[Stored records]
+ + + + +
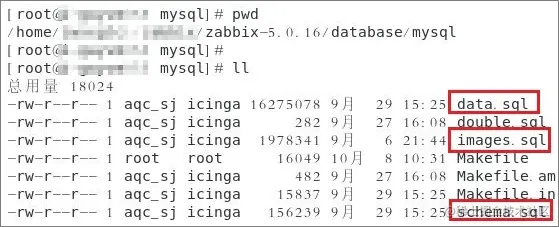 在zabbix用户下执行数据库初始化脚本文件schema.sql、images.sql、data.sql:
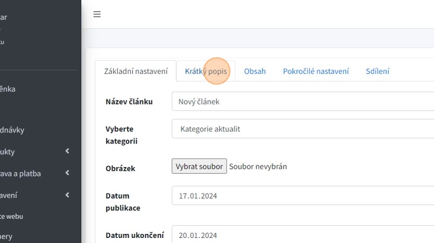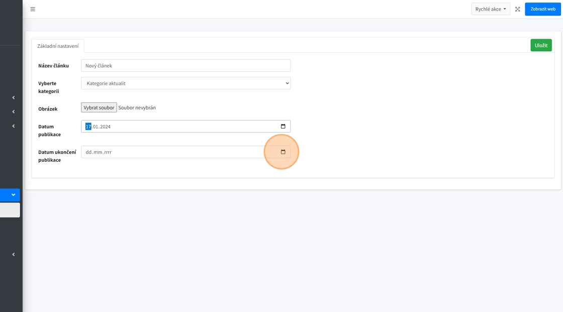 6. "Datum ukončení publikace" - kdy bude článek na webu zneviditelněn.
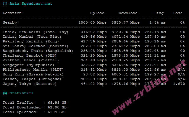 - 带宽充足,测速脚本出来大概出网1Gbps入网10Gbps(创建过程中也可以自行限制带宽);
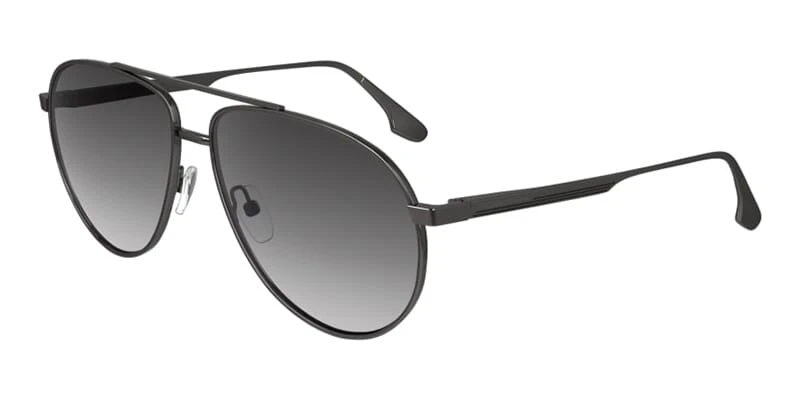 This aviator Victoria Beckham sunglass comes in a gun metal grey frame with grey smoke gradient lenses.
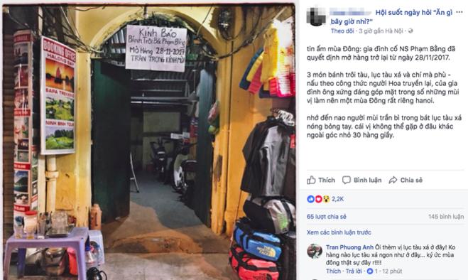 Bức ảnh cùng dòng caption "Tin ấm mùa Đông: gia đình cố nghệ sĩ Phạm Bằng đã quyết định mở hàng trở lại từ ngày 28/11/2017. Ba món bánh trôi tàu, lục tàu xá và chí mà phù - nấu theo công thức người Hoa truyền lại, của gia đình ông xứng đáng góp mặt trong số những mùi vị làm nên một mùa Đông Hà Nội rất riêng. Nhớ đến nao người mùi trần bì trong bát lục tàu xá nóng bỏng tay, cái vị không thể gặp ở đâu khác ngoài góc nhỏ 30 Hàng Giầy." ngay lập tức đã gây bão trong cộng đồng ẩm thực Hà Nội với lượng like tăng nhanh chóng mặt.
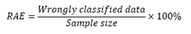 RAEApparent error rateWrongly classified dataNumber of the sample data that are outside the range stipulated by the discriminant breakpointSample sizeTotal number of data (pixels)The apparent error rate was calculated for both samples of mining and non-mining areas. Afterwards, the weighted average value that characterized the weighted rate of the apparent error was obtained.
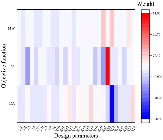 The sensitivity analysis diagram clearly shows that design variables X24 and X27 have the most significant impact on the maximum deformation (DA), with the highest sensitivity, while X3 and X26 play a dominant role in the safety factor (SF), making them key factors in determining safety performance. In terms of weight (MW), X27 and X28 make the most significant contributions, with particularly noticeable effects.
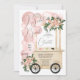 Cute ice cream cart pink balloons bridal shower invitation featuring illustration of clusters of pink balloons, boho ice cream cart with little heart and fall autumn floral bouquet with beige and dusty pink flowers. Perfect bridal brunch!
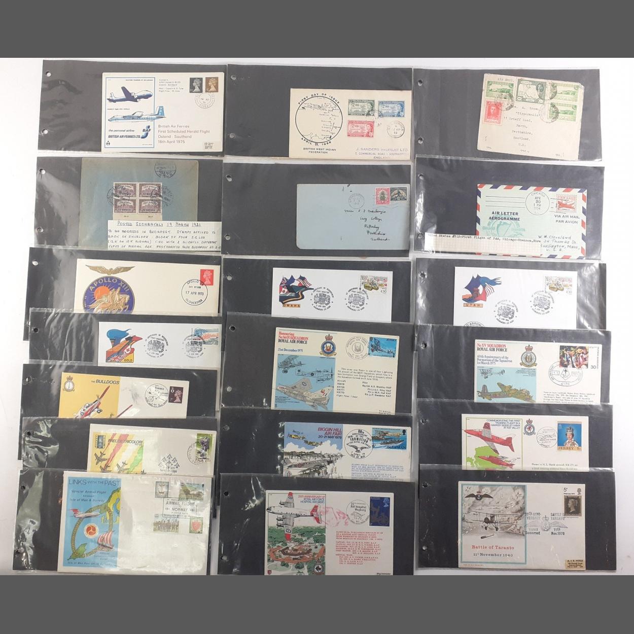 A great collection of flight covers and others of interest to include 1954 FIRST FLIGHT Pan American Chicago to Shannon, 1975 British Air Ferries Ostend - Southend, Apollo XIII safe return cover, 1948 Iranian (Persia ) and others with flight interest. A very nice lot.
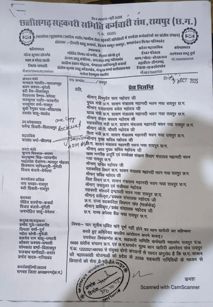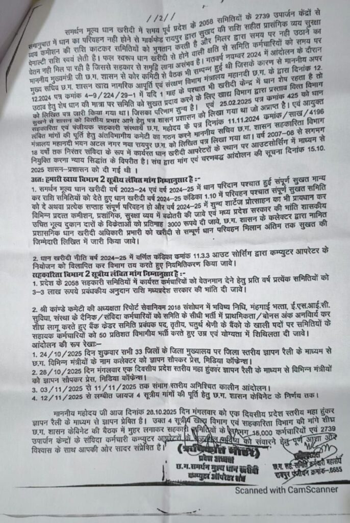 इन कर्मचारियों ने सुखद राशि समिति को देने आऊट शोषिंग बंद कर सालों से सेवा दे रहे कंप्यूटर ऑपरेटरों को नियमित करने सहकारी समितियों के कर्मचारियों को पूरे साल भर का वेतन प्रदाय करने श्री कांडे कमेटी के रिपोर्ट सेवा नियम को लागू करने की मांग रखी साथ ही मांग पूरी न होने पर 15 नवंबर से होने वाले धान खरीदी का बहिष्कार करने की चेतावनी दी….
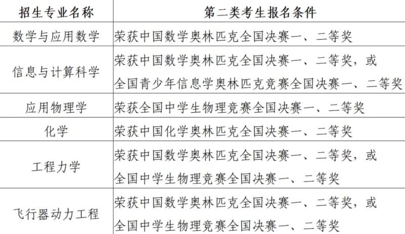 榮獲全國(guó)青少年學(xué)科奧林匹克競(jìng)賽(數(shù)學(xué)、物理、化學(xué)、信息學(xué))全國(guó)決賽一、二等獎(jiǎng)。全國(guó)青少年學(xué)科奧林匹克競(jìng)賽獲獎(jiǎng)學(xué)生以全國(guó)青少年科技競(jìng)賽獲獎(jiǎng)名單公示網(wǎng)站(http://gs.cyscc.org/)公示的名單為準(zhǔn)。各招生專業(yè)對(duì)應(yīng)的報(bào)名條件如下表所示。
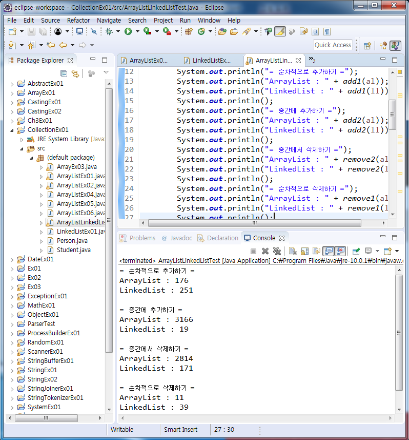 - 차례대로 데이터를 추가하고 마지막에서부터 데이터를 삭제하는 것은 빠르지만, 배열의 중간에 데이터를 추가하려면, 빈자리를 만들기 위해 다른 데이터들을 복사해서 이동해야 한다.
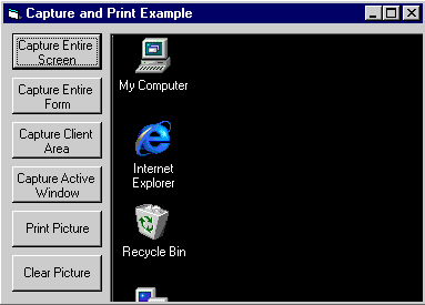 This program shows how to capture any form or window, including the screen or desktop window, into a picture object. Then the image can be sent to the printer using the PaintPicture method of Visual Basic's Printer object. This program illustrates how to:
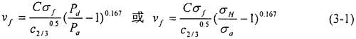 為了得到數(shù)值解答,Maxey的延性斷裂模型總結(jié)出了裂紋擴展速度和管內(nèi)壓力(或環(huán)向應力)之間的經(jīng)驗關(guān)系:
+ + + + +
EXERCISE BRIEF
The records above are to be restated exactly, without their pictures.

TASK SOLUTION
 在zabbix用户下执行数据库初始化脚本文件schema.sql、images.sql、data.sql:
 6. "Datum ukončení publikace" - kdy bude článek na webu zneviditelněn.
 - 带宽充足,测速脚本出来大概出网1Gbps入网10Gbps(创建过程中也可以自行限制带宽);
 This aviator Victoria Beckham sunglass comes in a gun metal grey frame with grey smoke gradient lenses.
 Bức ảnh cùng dòng caption "Tin ấm mùa Đông: gia đình cố nghệ sĩ Phạm Bằng đã quyết định mở hàng trở lại từ ngày 28/11/2017. Ba món bánh trôi tàu, lục tàu xá và chí mà phù - nấu theo công thức người Hoa truyền lại, của gia đình ông xứng đáng góp mặt trong số những mùi vị làm nên một mùa Đông Hà Nội rất riêng. Nhớ đến nao người mùi trần bì trong bát lục tàu xá nóng bỏng tay, cái vị không thể gặp ở đâu khác ngoài góc nhỏ 30 Hàng Giầy." ngay lập tức đã gây bão trong cộng đồng ẩm thực Hà Nội với lượng like tăng nhanh chóng mặt.
 RAEApparent error rateWrongly classified dataNumber of the sample data that are outside the range stipulated by the discriminant breakpointSample sizeTotal number of data (pixels)The apparent error rate was calculated for both samples of mining and non-mining areas. Afterwards, the weighted average value that characterized the weighted rate of the apparent error was obtained.
 The sensitivity analysis diagram clearly shows that design variables X24 and X27 have the most significant impact on the maximum deformation (DA), with the highest sensitivity, while X3 and X26 play a dominant role in the safety factor (SF), making them key factors in determining safety performance. In terms of weight (MW), X27 and X28 make the most significant contributions, with particularly noticeable effects.
 Cute ice cream cart pink balloons bridal shower invitation featuring illustration of clusters of pink balloons, boho ice cream cart with little heart and fall autumn floral bouquet with beige and dusty pink flowers. Perfect bridal brunch!
 A great collection of flight covers and others of interest to include 1954 FIRST FLIGHT Pan American Chicago to Shannon, 1975 British Air Ferries Ostend - Southend, Apollo XIII safe return cover, 1948 Iranian (Persia ) and others with flight interest. A very nice lot.
 इन कर्मचारियों ने सुखद राशि समिति को देने आऊट शोषिंग बंद कर सालों से सेवा दे रहे कंप्यूटर ऑपरेटरों को नियमित करने सहकारी समितियों के कर्मचारियों को पूरे साल भर का वेतन प्रदाय करने श्री कांडे कमेटी के रिपोर्ट सेवा नियम को लागू करने की मांग रखी साथ ही मांग पूरी न होने पर 15 नवंबर से होने वाले धान खरीदी का बहिष्कार करने की चेतावनी दी….
 榮獲全國(guó)青少年學(xué)科奧林匹克競(jìng)賽(數(shù)學(xué)、物理、化學(xué)、信息學(xué))全國(guó)決賽一、二等獎(jiǎng)。全國(guó)青少年學(xué)科奧林匹克競(jìng)賽獲獎(jiǎng)學(xué)生以全國(guó)青少年科技競(jìng)賽獲獎(jiǎng)名單公示網(wǎng)站(http://gs.cyscc.org/)公示的名單為準(zhǔn)。各招生專業(yè)對(duì)應(yīng)的報(bào)名條件如下表所示。
 - 차례대로 데이터를 추가하고 마지막에서부터 데이터를 삭제하는 것은 빠르지만, 배열의 중간에 데이터를 추가하려면, 빈자리를 만들기 위해 다른 데이터들을 복사해서 이동해야 한다.
 This program shows how to capture any form or window, including the screen or desktop window, into a picture object. Then the image can be sent to the printer using the PaintPicture method of Visual Basic's Printer object. This program illustrates how to:
 為了得到數(shù)值解答,Maxey的延性斷裂模型總結(jié)出了裂紋擴展速度和管內(nèi)壓力(或環(huán)向應力)之間的經(jīng)驗關(guān)系:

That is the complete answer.